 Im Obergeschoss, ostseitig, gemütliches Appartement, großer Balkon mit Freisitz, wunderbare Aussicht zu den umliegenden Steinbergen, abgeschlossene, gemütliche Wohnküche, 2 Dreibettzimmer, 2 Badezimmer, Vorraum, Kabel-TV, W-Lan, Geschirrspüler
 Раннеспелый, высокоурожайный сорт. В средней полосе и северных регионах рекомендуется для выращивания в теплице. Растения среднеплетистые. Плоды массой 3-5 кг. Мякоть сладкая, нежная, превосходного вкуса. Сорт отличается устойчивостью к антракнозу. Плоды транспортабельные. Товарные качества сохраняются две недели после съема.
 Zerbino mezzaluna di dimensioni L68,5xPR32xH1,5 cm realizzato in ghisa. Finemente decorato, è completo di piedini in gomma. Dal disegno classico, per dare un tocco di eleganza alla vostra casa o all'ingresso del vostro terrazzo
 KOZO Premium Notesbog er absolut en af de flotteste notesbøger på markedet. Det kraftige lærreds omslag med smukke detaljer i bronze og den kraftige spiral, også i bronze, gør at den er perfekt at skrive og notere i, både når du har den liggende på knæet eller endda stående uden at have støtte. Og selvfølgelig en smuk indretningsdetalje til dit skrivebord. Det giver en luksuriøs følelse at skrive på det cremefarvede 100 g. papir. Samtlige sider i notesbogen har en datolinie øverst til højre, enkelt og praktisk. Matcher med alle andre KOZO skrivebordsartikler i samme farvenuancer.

==

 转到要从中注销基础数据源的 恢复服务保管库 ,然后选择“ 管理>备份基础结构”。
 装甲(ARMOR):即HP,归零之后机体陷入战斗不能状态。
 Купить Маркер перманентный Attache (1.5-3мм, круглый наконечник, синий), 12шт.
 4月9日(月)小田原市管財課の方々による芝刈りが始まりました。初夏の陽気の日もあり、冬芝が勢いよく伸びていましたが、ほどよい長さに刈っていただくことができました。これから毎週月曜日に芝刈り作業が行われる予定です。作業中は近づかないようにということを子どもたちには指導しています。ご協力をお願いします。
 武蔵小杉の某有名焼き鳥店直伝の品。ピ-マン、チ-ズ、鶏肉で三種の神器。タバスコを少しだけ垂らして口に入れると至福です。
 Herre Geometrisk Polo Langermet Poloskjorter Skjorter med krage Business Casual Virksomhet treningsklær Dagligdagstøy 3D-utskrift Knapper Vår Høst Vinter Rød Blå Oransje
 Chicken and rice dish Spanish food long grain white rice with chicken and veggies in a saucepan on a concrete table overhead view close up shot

--

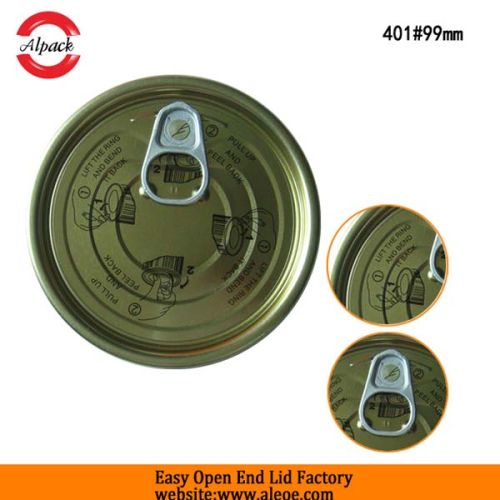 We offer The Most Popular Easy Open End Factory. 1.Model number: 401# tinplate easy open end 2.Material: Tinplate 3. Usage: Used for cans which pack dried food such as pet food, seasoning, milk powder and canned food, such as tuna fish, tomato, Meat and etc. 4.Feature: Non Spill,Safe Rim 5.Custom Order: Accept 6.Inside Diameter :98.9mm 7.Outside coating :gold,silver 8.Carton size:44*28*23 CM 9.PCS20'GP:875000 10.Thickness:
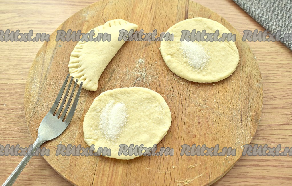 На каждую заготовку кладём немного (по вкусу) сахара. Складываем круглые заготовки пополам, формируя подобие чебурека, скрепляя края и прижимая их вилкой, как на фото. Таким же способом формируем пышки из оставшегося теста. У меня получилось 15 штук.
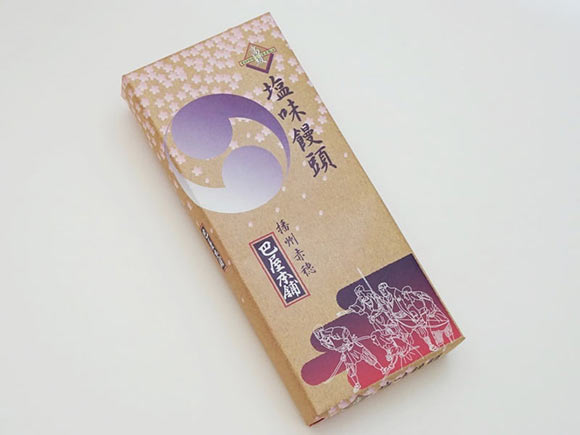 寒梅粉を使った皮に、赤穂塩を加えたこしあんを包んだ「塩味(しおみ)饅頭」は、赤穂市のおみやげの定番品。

Aim of the exercise: Above are the lines; repeat exactly the ones from the line containing "Im Obergeschoss, ostseitig, gemütliches" down to the line containing "Zerbino mezzaluna di", both inclusive.

Written solution:
 Im Obergeschoss, ostseitig, gemütliches Appartement, großer Balkon mit Freisitz, wunderbare Aussicht zu den umliegenden Steinbergen, abgeschlossene, gemütliche Wohnküche, 2 Dreibettzimmer, 2 Badezimmer, Vorraum, Kabel-TV, W-Lan, Geschirrspüler
 Раннеспелый, высокоурожайный сорт. В средней полосе и северных регионах рекомендуется для выращивания в теплице. Растения среднеплетистые. Плоды массой 3-5 кг. Мякоть сладкая, нежная, превосходного вкуса. Сорт отличается устойчивостью к антракнозу. Плоды транспортабельные. Товарные качества сохраняются две недели после съема.
 Zerbino mezzaluna di dimensioni L68,5xPR32xH1,5 cm realizzato in ghisa. Finemente decorato, è completo di piedini in gomma. Dal disegno classico, per dare un tocco di eleganza alla vostra casa o all'ingresso del vostro terrazzo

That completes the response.